Repeat the listing below exactly from the line with "CUSTOM BUILT 16'" through its last line. Skip every picture.

Material for this task:
Content starts

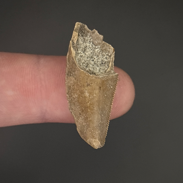 Majungasaurus tooth found in Madagascar. This fossil is between 70-66 million years old (Cretaceous). The tooth measures 3cm in length 1.4cm in width and 7mm in height. Has had no repairs or restoration.
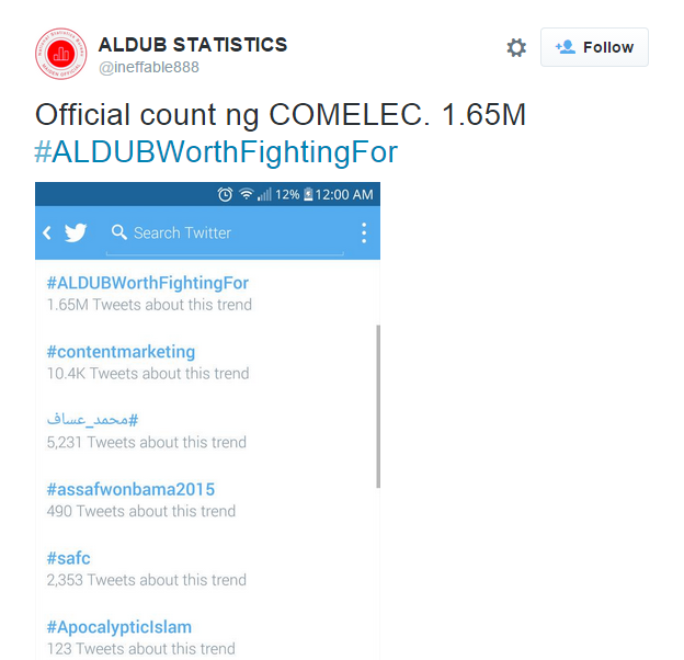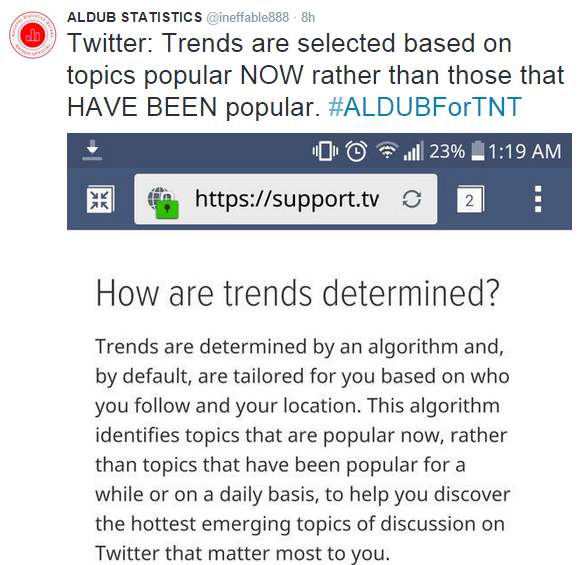 Before the ALDUB KalyeSerye Trend, skeptics have doubted Twitter’s ability to measure trending topics. There are topics that people talk about that trend but don’t translate into ratings. For example, a mass of fanatics go on Twitter and tweet simultaneously about the soap opera they watch at the same time. Surely there is a Twitter party going on. But how about the ratings? (Hello, Mr. AI runner-up? How did your first Filipino soap go? It trended nightly but barely lasted half a year) This is why companies placing ads would rather check the ratings instead of trending topics on social media. It also prompted Twitter itself to define their standards about trending topics.
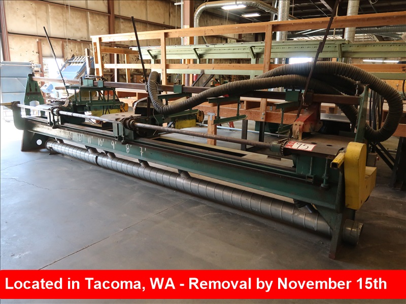 CUSTOM BUILT 16' 3-SAW PRECISION END TRIMMER BY LOT 71 W/12" SAWS & (3) 5' FEED THRU CHAIN TRANSFERS
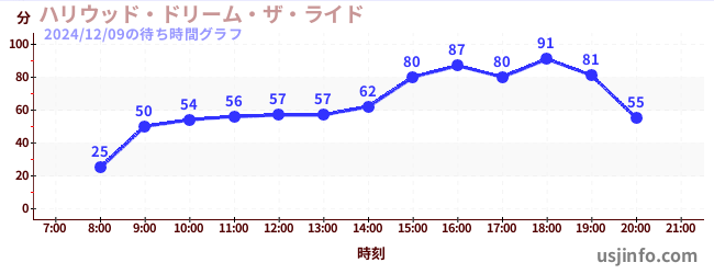 • ハリウッド・ドリーム・ザ・ライド$B$N(B2024年12月09日の待ち時間
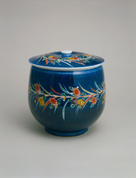 加藤土師萌:吹墨色絵菊花文飾壺 (c.1963)
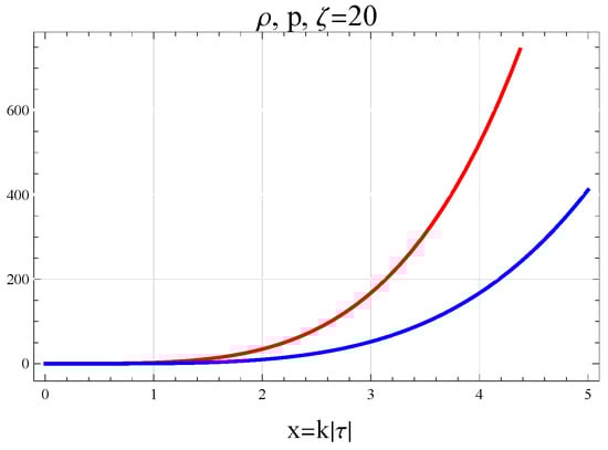 are the vacuum part, and the remaining terms are the particle part. In this paper, we consider only the stress tensor in the Bunch–Davies vacuum state. The properties of vacuum states in de Sitter space were discussed in Refs. [,]. Hereafter, we focus the vacuum stress tensor, which contains UV divergences. By their structure, and are twice that of the conformally coupling massive scalar field [], due to the mass term. It is checked that the transverse spectral stress tensor respects the covariant conservation
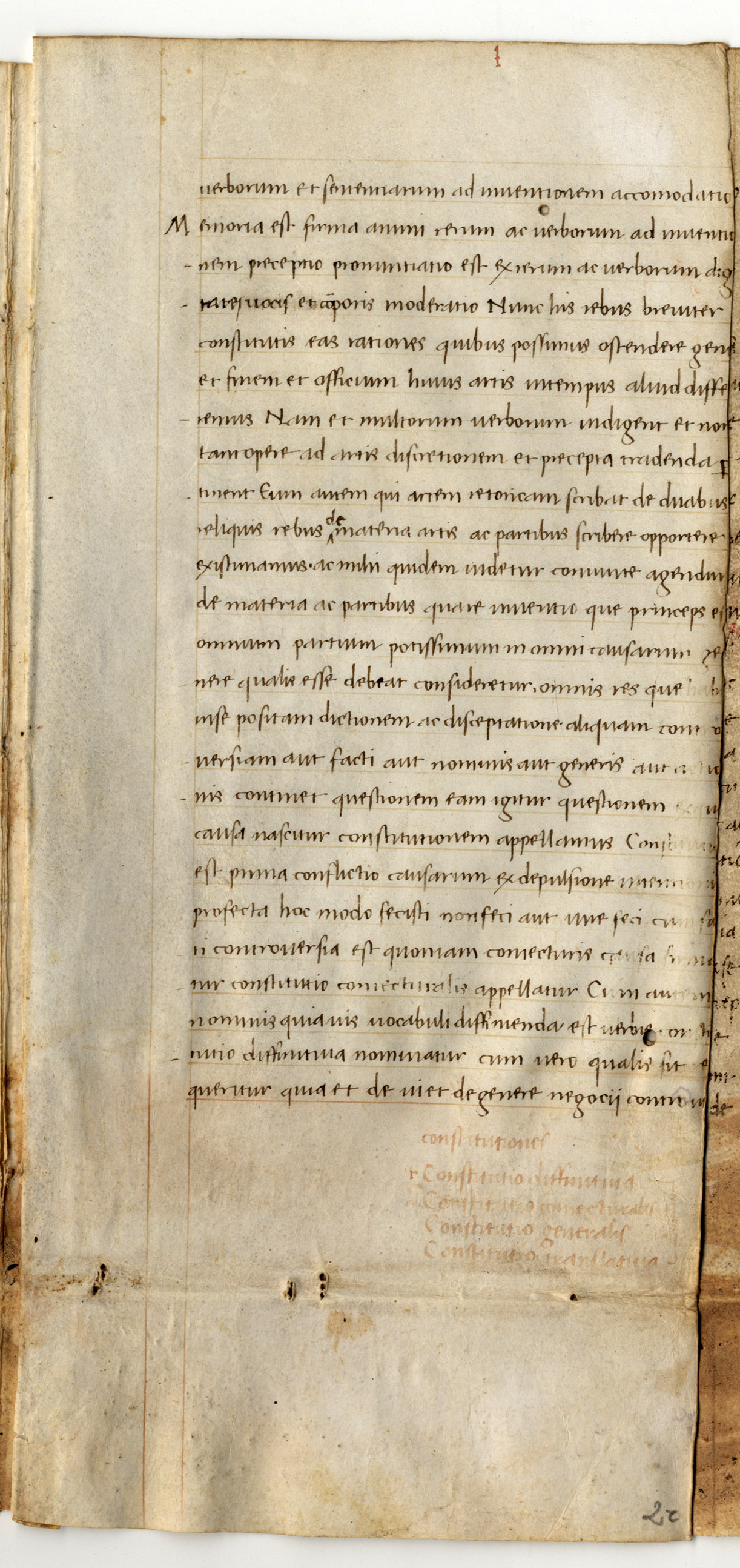 ff. 19r-20v Cicerone, De inventione, I, cap. 35-37, inc. negant enim a propositione neque ab assumptione; expl. ex his quinque partibus secunda est quadripar-

Content ends

Worked solution:
 CUSTOM BUILT 16' 3-SAW PRECISION END TRIMMER BY LOT 71 W/12" SAWS & (3) 5' FEED THRU CHAIN TRANSFERS
 • ハリウッド・ドリーム・ザ・ライド$B$N(B2024年12月09日の待ち時間
 加藤土師萌:吹墨色絵菊花文飾壺 (c.1963)
 are the vacuum part, and the remaining terms are the particle part. In this paper, we consider only the stress tensor in the Bunch–Davies vacuum state. The properties of vacuum states in de Sitter space were discussed in Refs. [,]. Hereafter, we focus the vacuum stress tensor, which contains UV divergences. By their structure, and are twice that of the conformally coupling massive scalar field [], due to the mass term. It is checked that the transverse spectral stress tensor respects the covariant conservation
 ff. 19r-20v Cicerone, De inventione, I, cap. 35-37, inc. negant enim a propositione neque ab assumptione; expl. ex his quinque partibus secunda est quadripar-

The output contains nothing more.